Figure 1: Two researchers working on the main detector used in their experiment. It is housed in the Hadron Hall at the J-PARC proton accelerator facility. © 2023 RIKEN Nishina Center for Accelerator-Based Science
RIKEN physicists have shown how hypernuclei-nuclei that contain exotic subatomic particles besides the protons and neutrons that make up normal atomic nuclei-can be generated and characterized1. This promises to extend our understanding of the fundamental nature of matter.
Quarks are the building blocks of matter.
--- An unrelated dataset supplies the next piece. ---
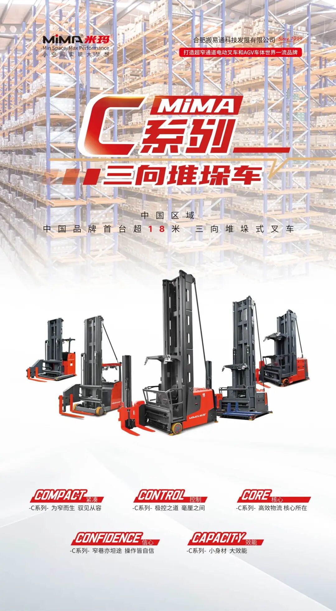 MiMA始终走在超窄通道电动叉车技术前沿,C系列三向堆垛车是其C计划会员权益的重要支撑,合肥搬易通不仅是国内最早实现超窄通道三向堆垛车研发与规模化量产的企业,还积极参与多项行业及国家标准的制定工作。凭借卓越的市场表现与不断扩大的全球业务网络,MiMA已稳居超窄通道叉车领域的领先地位,能够为客户提供高度定制化的解决方案,有效应对各种复杂物料搬运场景的独特需求。

The standard model of elementary particles includes six of them with different flavors-up, down, charm, strange, top and bottom-along with their antiparticle equivalents.
The proton contains two up quarks and one down quark, while the neutron consists of one up quark and two down quarks.
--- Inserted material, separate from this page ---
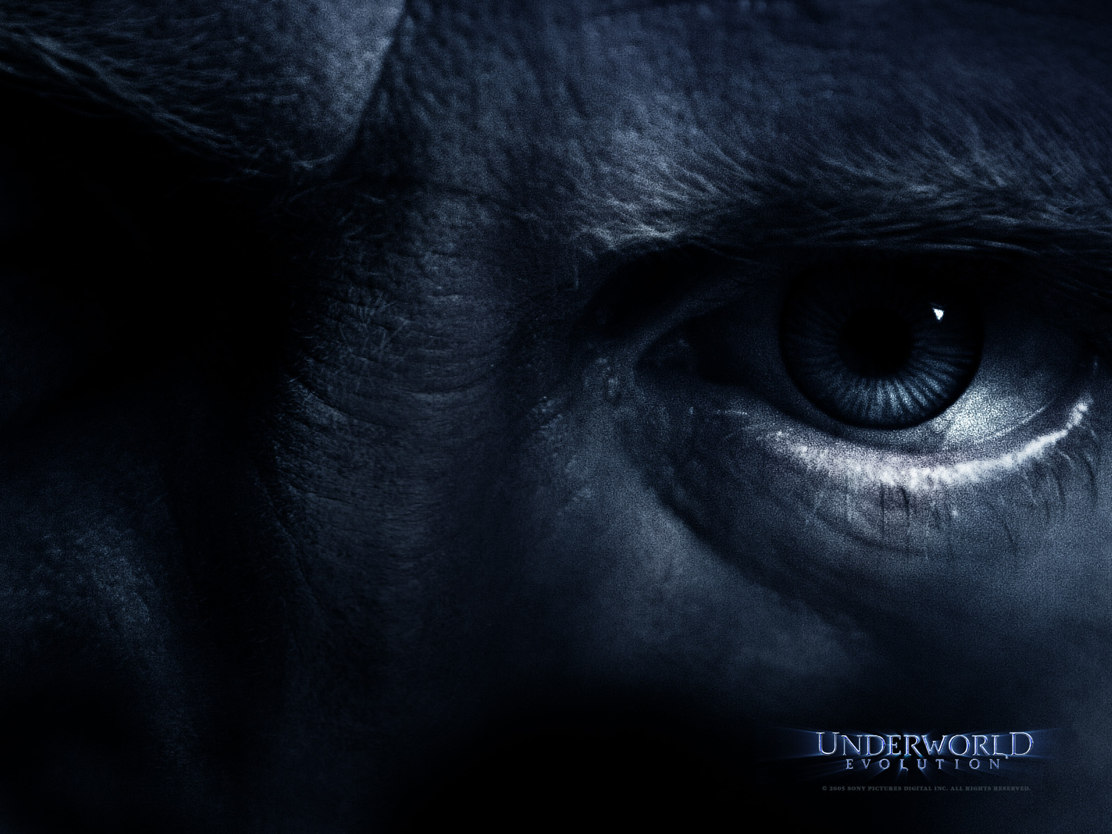 Description: A close up of a person's eye with the words underworld written on it in blue lettering.

However, other three-quark particles can be created by high-energy particle accelerators. For example, a hyperon has at least one strange quark combined with up and down quarks.
"Studying the interactions of hyperons with protons and neutrons advances our understanding of fundamental quark behavior and the strong nuclear force that binds them all together," explains Yue Ma of the RIKEN Nishina Center for Accelerator-Based Science. "The study of hypernuclei is also valuable for exploring exotic forms of matter and understanding extreme environments in the Universe, such as in neutron stars."
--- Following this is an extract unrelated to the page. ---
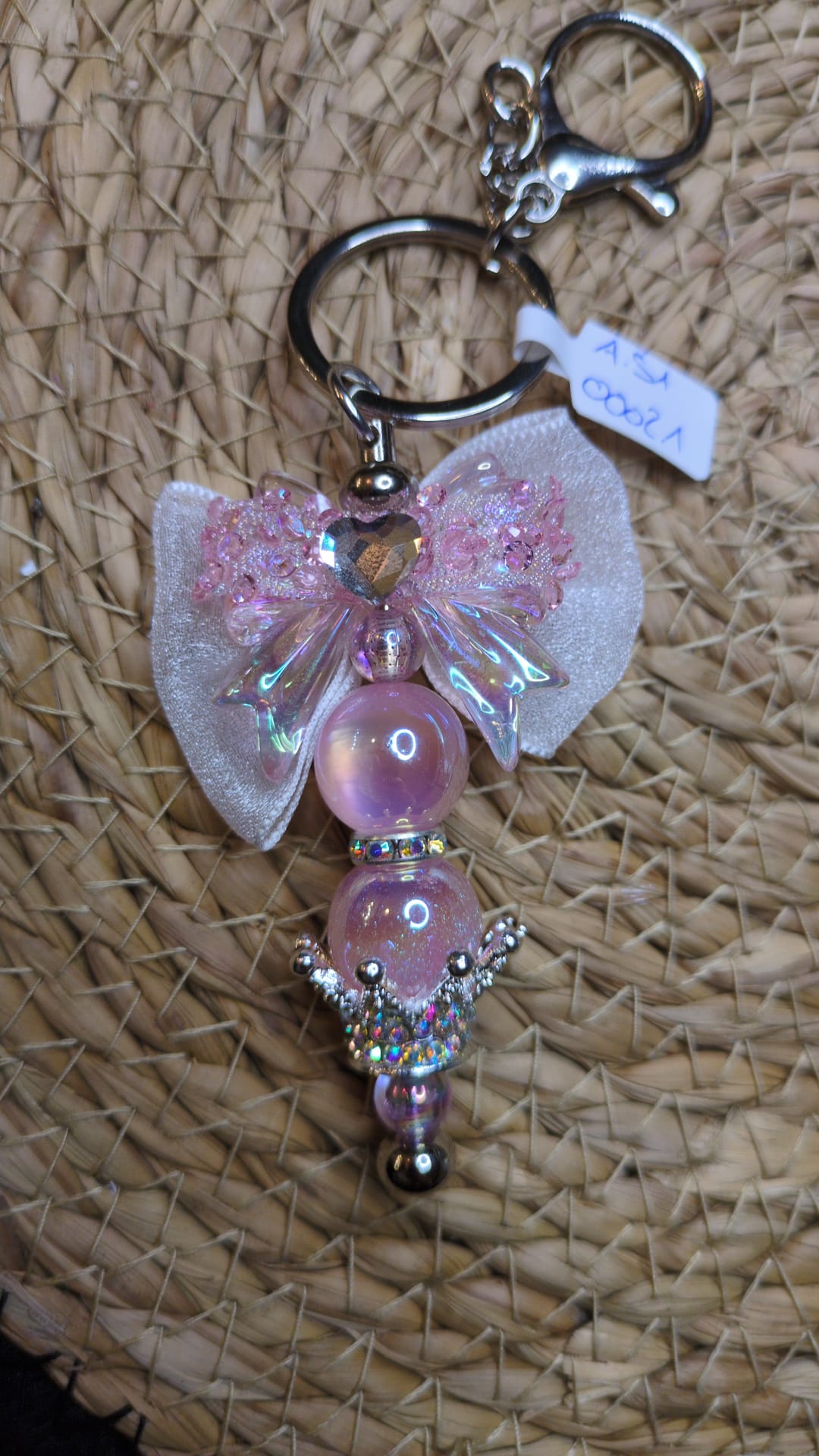Ein traumhafter Schlüsselanhänger mit Karabiner. Verziert mit drei rosa Perlen,einer silbernen Krone und einer pompösen Rosa Schleife

Working with an international team, Ma and his colleague Fuminori Sakuma have now demonstrated an innovative technique for producing hypernuclei through a process previously thought impossible.
At the J-PARC proton accelerator facility in Ibaraki prefecture, a beam of so-called kaons-a strange quark and an up antiquark-was collided with protons in helium nuclei.
They showed that the kaon could swap its strange quark with an up quark in the proton. This created a neutral pion and a so-called Λ-hyperon, consisting of up, down and strange quarks. The Λ-hyperon could then join with what was left of the helium nucleus, creating a hypernucleus made of a proton, two neutrons and the hyperon.
The team measured how long this exotic hypernucleus lived before it decayed, emitting a negatively charged pion in the process. But selecting this pion from all the others was not easy, and it required devising a new method.
"We've demonstrated for the first time that, by leveraging a relativistic effect known as the Lorentz boost, we can efficiently select the neutral pion and use it to identify Λ-hyperon production," says Sakuma. "This breakthrough has opened new avenues in the field of hypernuclear physics."
The team now aims to investigate another hypernucleus, the hypertriton: one proton, one neutron and one hyperon. Conflicting reports exist about the hypertriton's lifetime, and the researchers hope their method will help to finally solve this puzzle.